Test of Time is a captivating time-travel adventure that incorporates vocabulary words from the SAT and ACT, boldfacing them throughout the novel and providing definitions in a handy back-of-the book glossary. The result is a fun and effective study method for the thousands of diligent students who take these tests each year. For Orlando Garcia Ortiz and his friends at prestigious Hadleyburg University, it's finals week. That same week, but many, many years before, a famously eccentric writer in Hartford, Connecticut, is putting the finishing touches on a manuscript about a rebellious boy named Huck. Suddenly, a bizarre thing happens: The manuscript disappears and in its place appears a strange contraption-a college student's laptop that has traveled through time.



About the Author

Charles Harrington Elster

Charles Harrington Elster is a writer, broadcaster, and logophile - a lover of words.
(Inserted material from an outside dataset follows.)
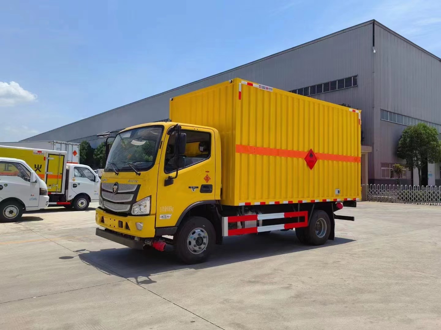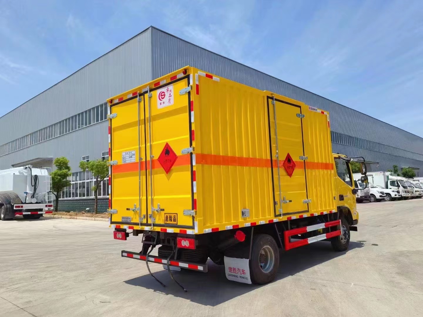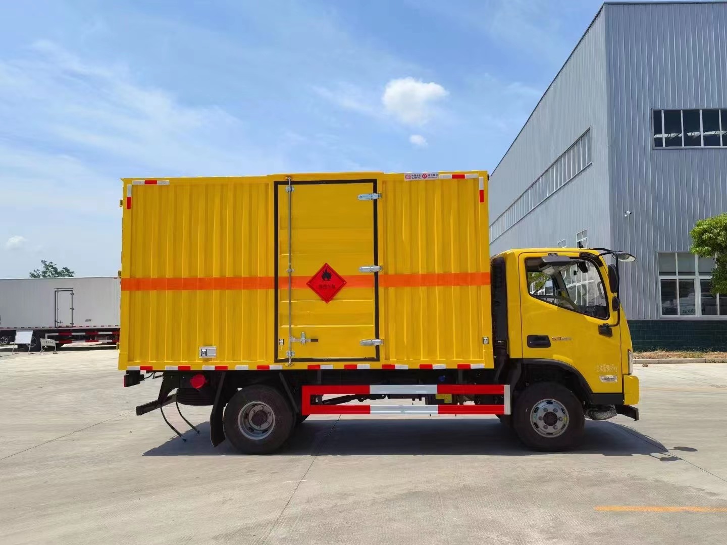 福田歐馬可小黃牌貨廂長(zhǎng)4.08米額載4.5噸易燃液體廂式運(yùn)輸車

He is the author of the popular vocabulary-building program "Verbal Advantage" and its even more comprehensive companion program, "Word Workout," which is available both in print and in audio, narrated by Charlie. His other books include "Tooth and Nail" and "Test of Time," vocabulary-building novels for high school students preparing to take the college entrance exams; "There's a Word for It," a lighthearted look at unusual - and unusually useful - words; "What in the Word? " a salmagundi of word lore, wordplay, and advice on usage and pronunciation; "The Big Book of Beastly Mispronunciations," now in its second edition, which the late William Safire of The New York Times hailed as "the best survey of the spoken field in years"; and "The Accidents of Style: Good Advice on How Not to Write Badly," which Constance Hale, author of "Sin and Syntax," called "useful, nuanced - and funny, too."
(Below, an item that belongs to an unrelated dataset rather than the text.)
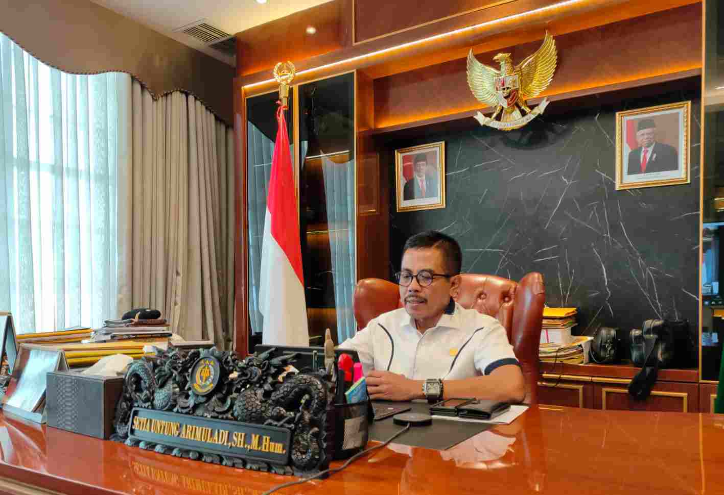 ZONAKAWANUA.COM,JAKARTA_Wakil Jaksa Agung RI Setia Untung Arimuladi, SH. M.Hum memberikan sambutan pada Penutupan Pelatihan Prinsip dan Kerangka Hukum Hak Asasi Manusia bagi Jaksa Penuntut Umum secara virtual dari ruang kerja Wakil Jaksa Agung di Gedung Menara Kartika Adhyaksa Kebayoran Baru Jakarta Selatan yang sudah berlangsung sejak Selasa 21 September 2021, Kamis (24/09/21).

Charlie was a consultant for "Garner's Modern American Usage" and he is the pronunciation editor for "Black's Law Dictionary." He was a guest contributor to William Safire's "On Language" column in The New York Times Magazine, and his articles have appeared in the Wall Street Journal, the Boston Globe, the Los Angeles Times, the San Diego Union-Tribune, and other publications.

Charlie has also been talking about language on the radio since 1985. He has been interviewed on NPR's "Talk of the Nation," "Weekend Edition," and "All Things Considered" and been a guest on hundreds of radio shows around the country. For five and a half years he cohosted a weekly public radio talk show on language called "A Way with Words."

Charlie was born in New York City in 1957 and earned his B.A. cum laude from Yale in 1981. He lives in San Diego with his wife and two daughters.